Would you reproduce exactly the lines below from the one holding "該測評機構的技術人員懷英對記" through the one holding "会上,校长郑方贤宣读了机构调", inclusive, and no others?

[Opening RECORDS SHOWN section]

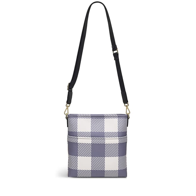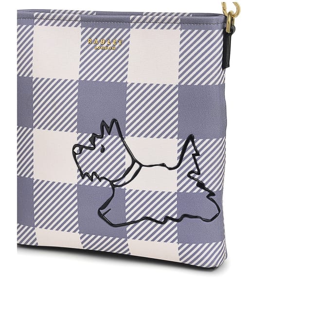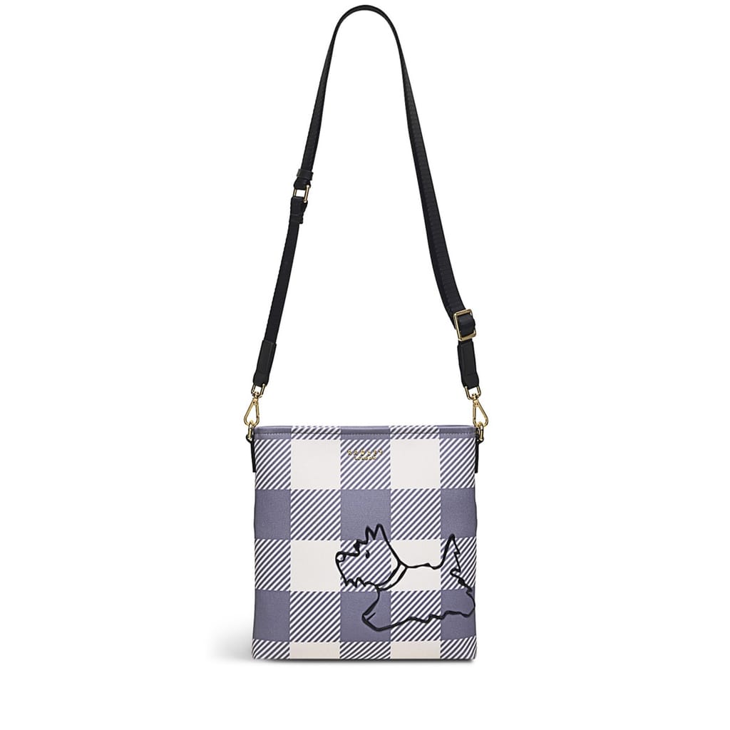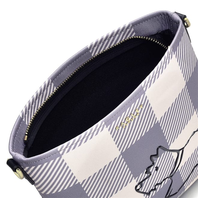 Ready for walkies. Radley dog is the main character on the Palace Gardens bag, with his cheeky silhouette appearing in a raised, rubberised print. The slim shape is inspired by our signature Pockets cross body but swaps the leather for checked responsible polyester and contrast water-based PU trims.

[Closing RECORDS SHOWN section]
[Opening RECORDS SHOWN section]

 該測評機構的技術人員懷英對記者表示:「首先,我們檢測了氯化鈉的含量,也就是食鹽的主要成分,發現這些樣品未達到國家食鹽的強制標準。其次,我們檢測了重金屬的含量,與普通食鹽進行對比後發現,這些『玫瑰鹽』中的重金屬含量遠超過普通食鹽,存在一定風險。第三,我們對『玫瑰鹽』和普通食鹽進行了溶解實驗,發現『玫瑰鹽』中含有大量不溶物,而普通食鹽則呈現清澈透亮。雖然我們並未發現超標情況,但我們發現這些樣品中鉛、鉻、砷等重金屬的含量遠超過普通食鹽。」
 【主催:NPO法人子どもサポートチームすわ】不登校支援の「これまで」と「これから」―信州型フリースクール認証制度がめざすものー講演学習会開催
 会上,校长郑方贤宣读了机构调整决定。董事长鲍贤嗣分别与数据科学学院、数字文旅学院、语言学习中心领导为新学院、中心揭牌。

[Closing RECORDS SHOWN section]
[Opening RECORDS SHOWN section]

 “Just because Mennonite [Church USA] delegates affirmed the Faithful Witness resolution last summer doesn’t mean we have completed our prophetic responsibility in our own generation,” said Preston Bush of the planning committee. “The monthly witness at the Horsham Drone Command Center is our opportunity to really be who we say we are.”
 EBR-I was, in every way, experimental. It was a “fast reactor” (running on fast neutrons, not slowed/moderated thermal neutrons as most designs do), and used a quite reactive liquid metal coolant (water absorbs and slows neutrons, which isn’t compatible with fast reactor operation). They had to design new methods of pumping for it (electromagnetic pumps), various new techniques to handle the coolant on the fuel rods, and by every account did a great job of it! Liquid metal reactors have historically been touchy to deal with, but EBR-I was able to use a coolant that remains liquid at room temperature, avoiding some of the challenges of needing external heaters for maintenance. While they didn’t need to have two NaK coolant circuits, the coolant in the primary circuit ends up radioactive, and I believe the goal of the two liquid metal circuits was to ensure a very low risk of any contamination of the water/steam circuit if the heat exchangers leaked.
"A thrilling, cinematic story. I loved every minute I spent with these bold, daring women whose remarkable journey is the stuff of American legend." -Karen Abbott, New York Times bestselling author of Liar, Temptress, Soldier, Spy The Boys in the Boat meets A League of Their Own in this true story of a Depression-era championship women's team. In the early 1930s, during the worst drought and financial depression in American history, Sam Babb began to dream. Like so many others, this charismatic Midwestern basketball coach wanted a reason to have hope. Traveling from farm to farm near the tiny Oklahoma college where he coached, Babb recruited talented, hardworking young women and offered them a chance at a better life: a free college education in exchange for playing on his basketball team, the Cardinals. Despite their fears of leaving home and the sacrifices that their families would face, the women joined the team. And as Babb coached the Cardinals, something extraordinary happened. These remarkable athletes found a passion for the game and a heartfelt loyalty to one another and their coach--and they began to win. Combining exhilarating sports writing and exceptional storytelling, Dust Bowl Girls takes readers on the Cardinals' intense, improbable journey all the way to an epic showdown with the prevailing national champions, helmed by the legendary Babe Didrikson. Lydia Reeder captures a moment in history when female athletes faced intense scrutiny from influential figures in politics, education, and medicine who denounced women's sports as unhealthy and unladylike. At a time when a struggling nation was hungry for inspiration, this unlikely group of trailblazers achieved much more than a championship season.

[Closing RECORDS SHOWN section]

_TASK OUTPUT_
 該測評機構的技術人員懷英對記者表示:「首先,我們檢測了氯化鈉的含量,也就是食鹽的主要成分,發現這些樣品未達到國家食鹽的強制標準。其次,我們檢測了重金屬的含量,與普通食鹽進行對比後發現,這些『玫瑰鹽』中的重金屬含量遠超過普通食鹽,存在一定風險。第三,我們對『玫瑰鹽』和普通食鹽進行了溶解實驗,發現『玫瑰鹽』中含有大量不溶物,而普通食鹽則呈現清澈透亮。雖然我們並未發現超標情況,但我們發現這些樣品中鉛、鉻、砷等重金屬的含量遠超過普通食鹽。」
 【主催:NPO法人子どもサポートチームすわ】不登校支援の「これまで」と「これから」―信州型フリースクール認証制度がめざすものー講演学習会開催
 会上,校长郑方贤宣读了机构调整决定。董事长鲍贤嗣分别与数据科学学院、数字文旅学院、语言学习中心领导为新学院、中心揭牌。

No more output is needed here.